Sunday, May 03, 2009

notes on the great 50 days

Once I am beyond Easter, there is a sense, to borrow the phrase of the Dixie Chicks, that I am in "wide open spaces". And so a rambling post about goings on.

1. We had a great Confirmation service this morning. It is the culmination of a process of a yearlong process, and my primary intersection with it is a) a retreat and b) individual conversations with them. We make a big deal about this being their profession of faith (personal) and the link with being a part of the body of Christ through membership (social). And that it is not graduation from church!

2. I officiated at a neat wedding this past weekend in Winston-Salem, where I served prior to Charlottte. The wedding was at the Brookstown Inn in Old Salem, which is the Moravian area below downtown, it was outdoors, and the rains stayed away just long enough to have the service. A really nice couple, whom I enjoyed connecting with. And in the bargain we were able to see a few friends (but not all of our friends!).

3. I gave a talk on "The Shack" at the United Methodist retirement community in Charlotte (Aldersgate) on Friday. It was fun to get back into the book, which a) I don't think is the best novel I have read in recent memory [that might be Gilead, or Home, or Jayber Crow, but b) I do think is an excellent way of getting into the issues of providence and forgiveness.

4. I also met with a young woman in our church who is going to be involved in a mentoring program in the Dominican Republic next year (2009-2010). I am moved by the young adults in our community who want to give some of their life to service. It is a pronounced trend, for which I can only thank God.

5. A few years ago I wrote a text, " A Hymn for Resurrection People", which has been placed in several musical settings. Two years ago a friend here, Greg Cagle, arranged and recorded it. He is an excellent musician. We have made cds of the song, and copies are available for $5, with all proceeds going to a microcredit initiative in northern Haiti. For more information email me at kcarter [at] Or send $5 to Providence UMC 2810 Providence Rd Charlotte NC 28211, with a return address so that the cd can get to you.

6. I am really getting into Lost. It makes all the sense in the world if you let go of the concept of chronological time. As Edwin Friedman once said, time is not like a telescope through which you see into the past or future. Time is more like a collapsed telescope in which all time, past and future is in the present. So hang in there with it----it will be over soon enough---and don't get hung up on making sense of time travel.
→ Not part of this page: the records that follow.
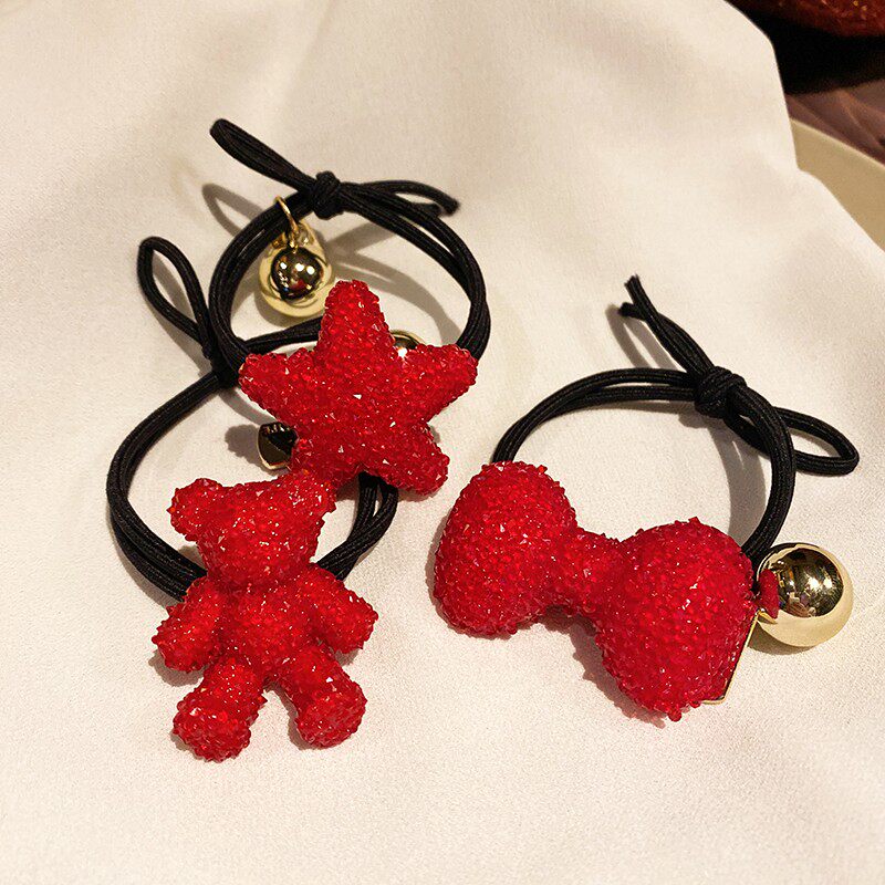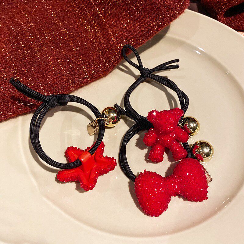 South Korea's Dongdaemun red New Year hair ring hair ring cute bear tie hair rubber band girl sequin hair ring hair accessories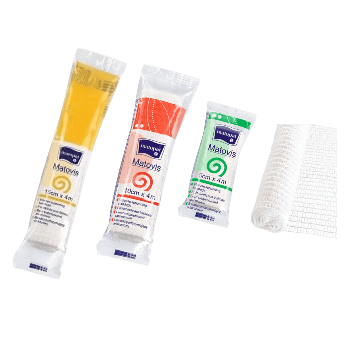 to popularny bandaż podtrzymujący wykonany z wiskozy, dziany i nieelastyczny. Stosowany szczególnie do stabilizacji i mocowania opatrunków, szyn, przewodów medycznych i łusek ortopedycznych. Matovis jest świetnie tolerowany przez skórę. Duże oczka pozwalają dobrze przepuszczać powietrze i parę wodną. Dodatkowy komfort użytkowania zapewniają niestrzępiące się brzegi.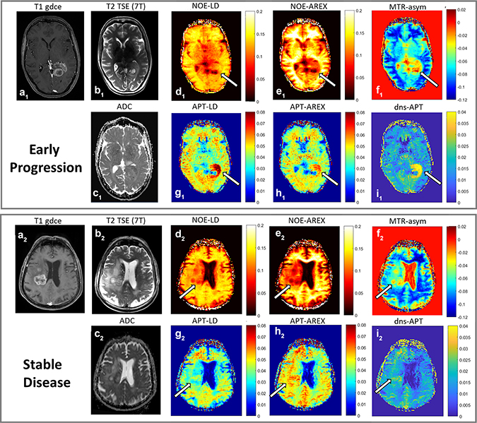 Figure 4: Exemplary CEST MR-images. Top: Early progression. Bottom: Stable disease. a1 and a2: T1-weighting with gadolinium enhancement (3 Tesla), b1 and b2: T2-weighted TSE (7 Tesla), c1 and c2: ADC-map (3 Tesla), d1 and d2: NOE-LD, e1 and e2: NOE-AREX, f1 and f2: NOE-weighted MTRasym, g1 and g2: APT-LD, h1 and h2: APT-AREX, i1 and i2: dns-APT. NOE-LD and -AREX-mediated images show a decreased tumor signal, with much lower values in the early progression case (arrows in d1–e1 compared to d2–e2). The opposite is true for the MTRasym contrasts (arrow in f1 compared to f2). APT-mediated images show a considerably higher signal intensity within the early-progressive tumor (arrows in g1–i1 compared to g2–i2).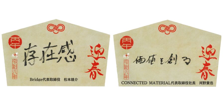 ご祈祷を終えると、自然と話題にあがったのは「今年のテーマ」や「目標」について。そこで今回は、経営陣および広報チームより、午年にちなんだ「2026年、跳躍させたいこと」を、それぞれの想いを込めた「書き初め」としてお届けします。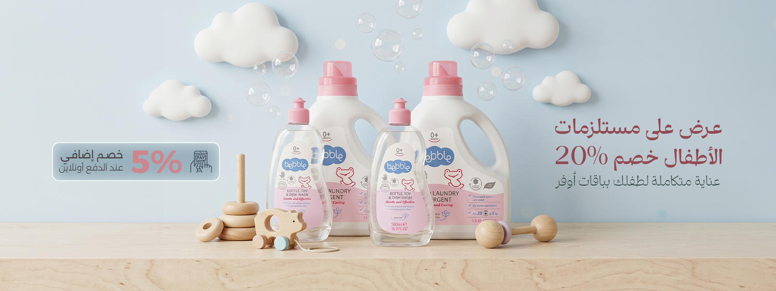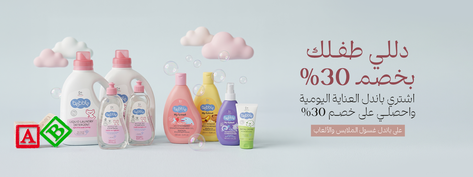 التوصيل مجاني على كل الطلبات + احصلي على خصم 30% على مجموعة غسول الالعاب والملابس عند شرائك مجموعة العناية اليومية

7. On a family note, our daughter Liz is working and flourishing in Beijing, our daughter Abby is coming home from college next week (yeah!) and Jacques is also coming home from college, to be with us for a time before he goes on for the summer to see his parents in Cap Haitien. Meanwhile, Pam and I are thinking ahead about the mountains and July.
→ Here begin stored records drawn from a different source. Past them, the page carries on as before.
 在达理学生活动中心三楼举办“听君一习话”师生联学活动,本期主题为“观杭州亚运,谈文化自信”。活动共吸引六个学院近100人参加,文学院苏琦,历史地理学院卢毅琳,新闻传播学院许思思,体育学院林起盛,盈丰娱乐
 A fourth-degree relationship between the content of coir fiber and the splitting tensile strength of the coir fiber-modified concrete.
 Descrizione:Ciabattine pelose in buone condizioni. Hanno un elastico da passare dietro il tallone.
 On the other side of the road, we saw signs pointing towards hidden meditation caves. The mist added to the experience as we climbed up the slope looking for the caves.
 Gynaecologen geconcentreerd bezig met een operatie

8. I have been writing a great deal lately. I was asked to write seven blog posts for Theolog, the website of the Christian Century. These began on Easter Sunday, and conclude on Ascension of the Lord. I also wrote several pieces for Lectionary Homiletics. And I finished a longer work that will be the Lenten study for 2010 (United Methodist Publishing House). It is already being advertised, if you receive a Cokesbury catalog.

9. I did see a few hours of the Quail Hollow Championship here in Charlotte. I am not a great fan of golf (I know this destroys the stereotype of the large membership church pastor in the south), but it is fun to walk around and take in the culture. At one point I was a few feet from Tiger Woods, who is remarkable.
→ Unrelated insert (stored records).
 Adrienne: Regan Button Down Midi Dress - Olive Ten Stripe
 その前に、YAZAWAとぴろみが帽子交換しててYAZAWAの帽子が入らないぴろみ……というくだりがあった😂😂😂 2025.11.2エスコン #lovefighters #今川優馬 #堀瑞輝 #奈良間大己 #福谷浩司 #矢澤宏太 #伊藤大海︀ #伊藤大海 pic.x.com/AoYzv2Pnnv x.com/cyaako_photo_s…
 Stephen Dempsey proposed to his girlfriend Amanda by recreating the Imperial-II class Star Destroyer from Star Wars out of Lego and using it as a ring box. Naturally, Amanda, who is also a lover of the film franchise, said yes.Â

10. My initial and very tentative thoughts about the Proposed Constitutional Amendments for United Methodists: some I like, some I can live with or without, some I am opposed to. The whole matter resurfaces our fundamental divisiveness and leads to the realization that we are almost "constitutionally incapable" of making decisions at the general church level.

11. I have been reading the issue of First Things that is devoted to the memory of Richard John Neuhaus. Neuhaus is more political conservative than me, and at times I thought his head was in the sand in the midst of the priest abuse scandals (labeling many who wanted to focus on it as anti-Catholic). But, I must confess: Neuhaus was an American prophetic, having marched with Martin Luther King, and sensing a natural progression of social inclusion in his advocacy for the unborn. I regret a comment I made on a prior blog about the one time that I met him; he comes across, in the issue of FT as, yes, forceful and even arrogant at times, but also pastoral and personal in his concern for others. His Freedom For Ministry is a classic text on pastoral work. I commend this issue for anyone who wants to understand what has been happening in North American Christianity over the past decades, especially the interface of religion and politics. Neuhaus really does defy the sterotypes we so easily ascribe to him.

12. Pam and I saw the movie Pray The Devil Back To Hell, which is about the women's struggle for peace in Liberia. We will be traveling there in August, at the invitation of Bishop John Innis, and one of the Liberian members of our congregation had urged me to see this movie. It is a moving documentary, and if you are interested in social change, or the cause of peace and reconciliation in our world, or the experiences of our brothers and sisters in Christ in a desperate circumstance, you will love this movie.

Thanks for stopping by, and God's blessings in these 50 days!